Force et faiblesse d’un silence

Publié le 5 février 2006 Lecture : 2 minutes.

Les implications françaises de l’affaire Ben Barka ne sauraient faire oublier la part qu’y occupe le Maroc. La victime est une personnalité marocaine de premier plan, les promoteurs de l’opération seraient des Marocains et un ministre appartenant au gouvernement de Hassan II se trouve personnellement mis en cause.
C’est de Paris que l’enquête est conduite, mais comment ne pas croire que la recherche de la vérité ne serait plus aisée si le Maroc acceptait d’y contribuer ? Or l’attitude marocaine consiste à nier la participation des personnalités chérifiennes à l’affaire, puis à se retrancher derrière un formalisme juridique qui, pour être fondé en droit, ne suffit pas à répondre aux exigences de la situation. Pourquoi cette attitude ? Jusqu’à nouvel ordre, le Maroc est concerné en la personne du général Oufkir, son ministre de l’Intérieur.

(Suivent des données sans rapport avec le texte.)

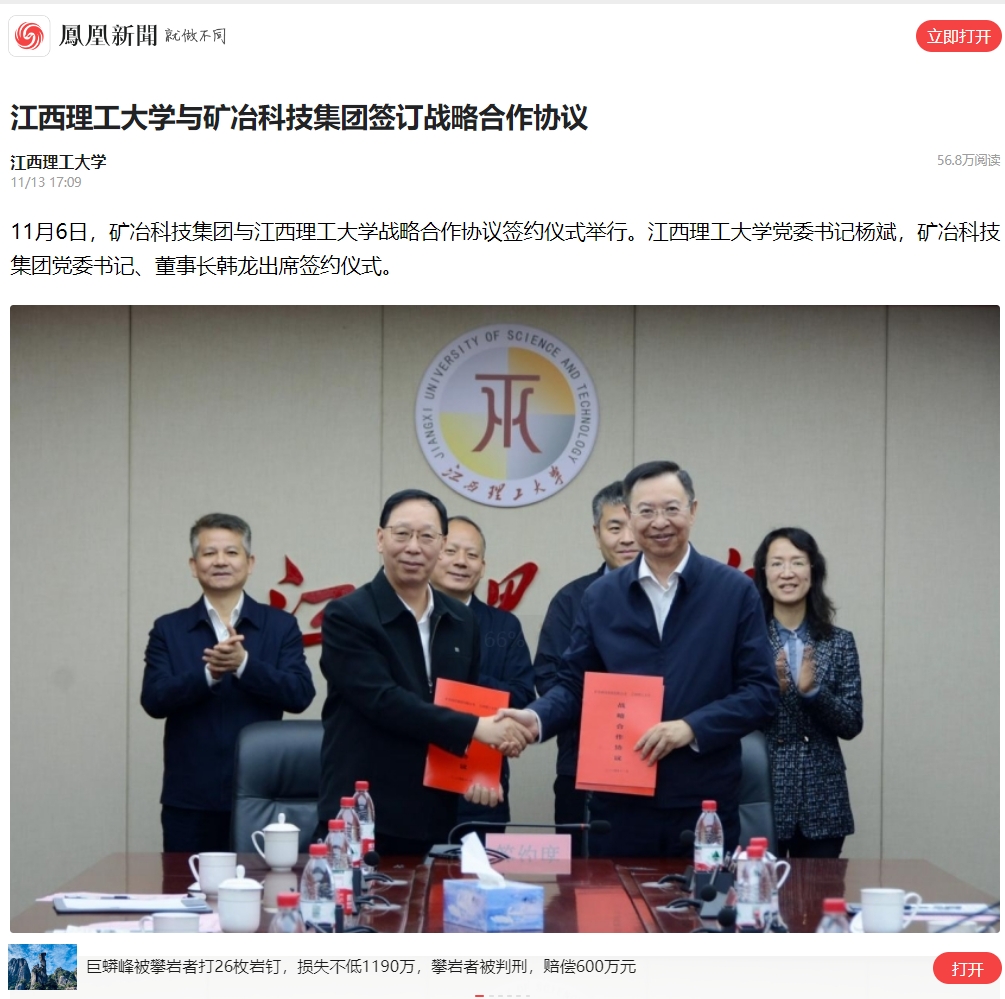 11月6日,矿冶科技集团与江西理工大学战略合作协议签约仪式举行。江西理工大学党委书记杨斌,矿冶科技集团党委书记、董事长韩龙出席签约仪式。

Antoine Lopez a déclaré qu’il avait pour mission de prévenir le ministre dès que Ben Barka serait amené dans la villa de Boucheseiche et, le 30 octobre à 17 heures, le général Oufkir débarquait à Paris, venant de Casablanca.
Ou bien le général Oufkir est réellement innocent et son passage à Paris, avant de regagner Genève pour y voir ses enfants, ne constitue qu’une coïncidence prêtant à des interprétations malheureuses. Dans ce cas, pourquoi n’intervient-il pas pour dissiper le doute et démanteler l’argumentation de Lopez ? Il dépendrait de lui que la justice française avance dans la bonne direction. Ou bien il a eu une part quelconque dans la préparation du rapt de Ben Barka et dans ce qui a suivi, et il lui faudra, tôt ou tard, rendre des comptes à la justice et le plus tôt sera le mieux.

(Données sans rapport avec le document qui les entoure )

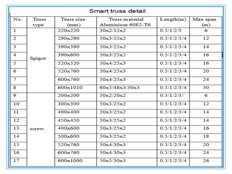 Truss type: | Ladder, triangle, square truss, triangular truss, circular truss, arch truss, etc |

Le gouvernement marocain et, par-delà ce gouvernement, le roi Hassan II ont le devoir de trancher. Une simple attitude de refus, même en l’absence d’accusations vraiment fondées, même en l’absence d’une démonstration vraiment probante des culpabilités présumées, ne peut laisser intact le prestige du Maroc. Et il est clair que l’on a déjà pesé de part et d’autre les risques politiques et économiques d’une rupture entre les deux pays.